The first 33 episodes of the 1990s X-Men cartoon will be available on DVD on April 28. That takes the series about a third of the way through its third season in two volumes with two discs in each set. (In total, the show had 76 episodes over five seasons.)
Me, I didn’t know there was an X-Men cartoon then. I wasn’t as into comics then as I was now, and unlike today, such things weren’t intended for an adult audience. But with the Wolverine movie coming out next month, what better time for new products for all things X-Men?
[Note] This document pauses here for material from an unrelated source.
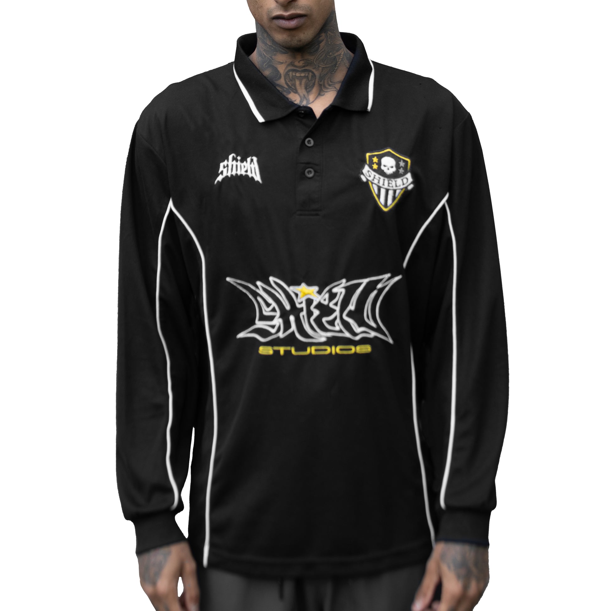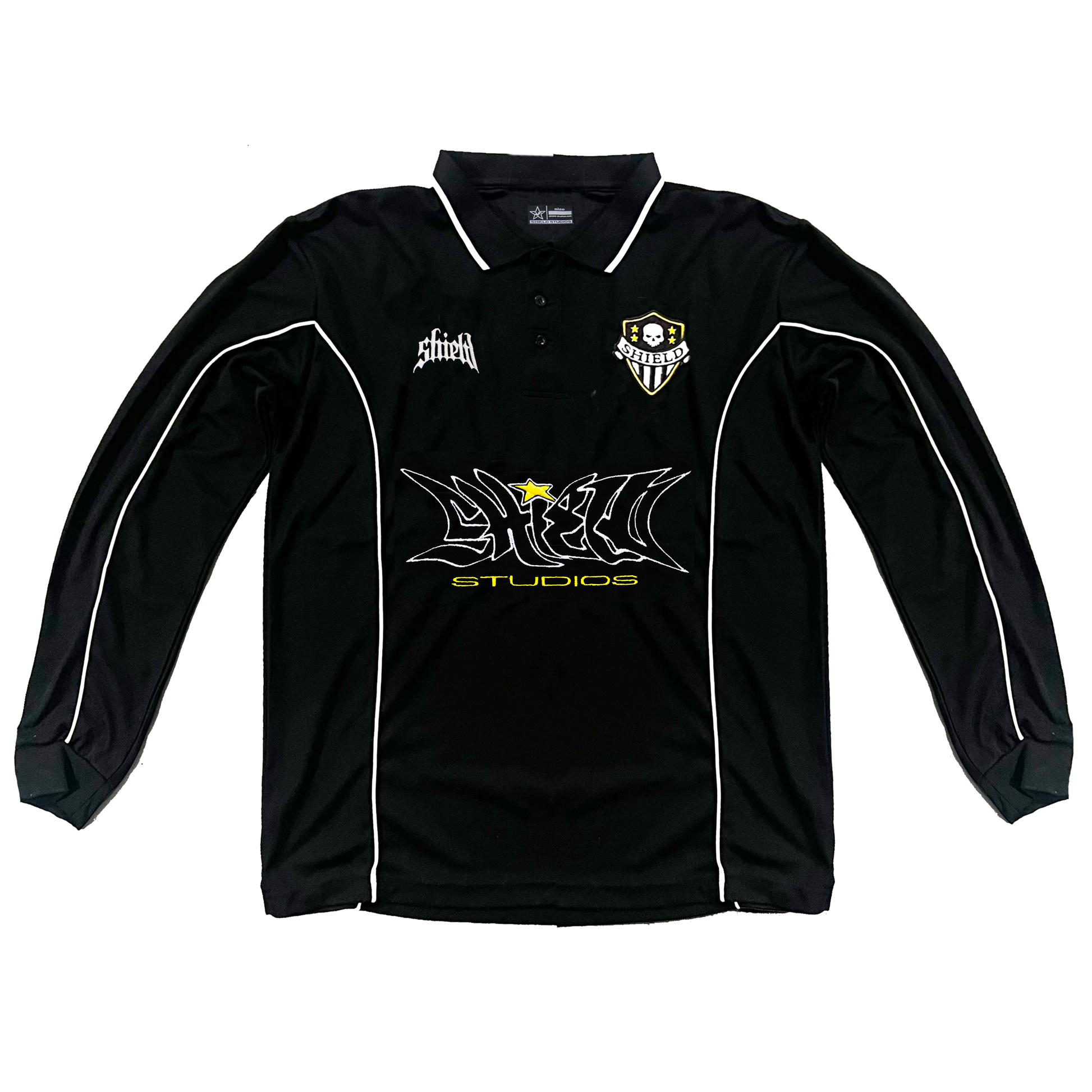 Black 100% polyester, longsleeve multi-embroidered jersey.

I found the opening helpful, as the various heroes demonstrate their powers and then a giant logo of their name swoops in. There are plenty of rays and blasts and explosions, too. I’m sure it seems cheesy on multiple viewings, but it’s a great quick introduction. (Until the team of good guys and team of bad guys run smack into each other. That’s cheesy no matter what.) This version of the team features — in addition to the ever-present Cyclops, Wolverine, Beast, Jean Grey, and Professor X — Rogue, Storm, Gambit, and Jubilee.
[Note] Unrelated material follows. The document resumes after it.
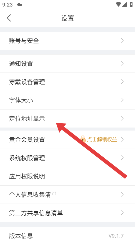2、在設(shè)置的頁面中,需要點(diǎn)擊定位地址顯示的選項(xiàng),然后跳轉(zhuǎn)至定位地址顯示設(shè)置的頁面。

The animation is standard, getting the job done but with no particularly distinct visual style. The movement can be stiff and limited. Content-wise, there’s emphasis on action, not the quieter bits I enjoy most about superhero team stories. That’s not a criticism, just an indication I’m not going to be part of the show’s audience.
Although I’m by no means an X-Men expert, several factors were similar to what I knew about the comics:
* Angst. The first episode features Jubilee, not yet a team member, hating that she’s a mutant while her foster parents fear yet love her.
* Continuing storylines. Out of the 16 episodes in the first set, six make up two-part stories. The second set is even more connected. 17 episodes include three two-part sets plus the concluding five-part “Phoenix Saga”. Many of the episodes were based on comic stories, as you can tell from the titles: “Enter Magneto”, “The Unstoppable Juggernaut”, “Days of Future Past”.
* Sentinels, the giant purple mutant-hunting robots. The series starts with the two-part “Night of the Sentinels”, in which they’re chasing down Jubilee (yet ignoring Storm and Rogue while they’re shopping in the same mall), and the robots continue to appear throughout the series, because they make such convenient opponents! They’re big and dangerous, yet they can be attacked and destroyed without falling foul of any “is it ok for kids?” rules because they’re only robots.
* Ridiculous dialogue. “Storm, mistress of the elements, commands you to release that child” demands Storm, referring to herself in the third person. Rogue immediately follows up by telling her to “lighten up”.
I hadn’t realized that Morph (currently appearing in Exiles) was created for this series. He doesn’t have his blank white head, though, and he doesn’t last very long.
The voices don’t sound right to me, probably because I have expectations from the movies. They’re generic and far from subtle. The emotions are overplayed, with too much exaggeration for my taste. Again, I’m probably too old for this, not having a young love for superhero action or a nostalgic fondness from when this first aired. But I was impressed to see them tackling the big storylines about mutant prejudice.
Plenty of continuing subplots, familiar guest stars, and long-running motivations make the series enjoyable to watch as a whole. Each episode starts with a “story so far” to aid in keeping up with them all. This is a good choice for the kid or teen looking for more X-Men entertainment. (A complimentary copy for this review was provided by the studio.)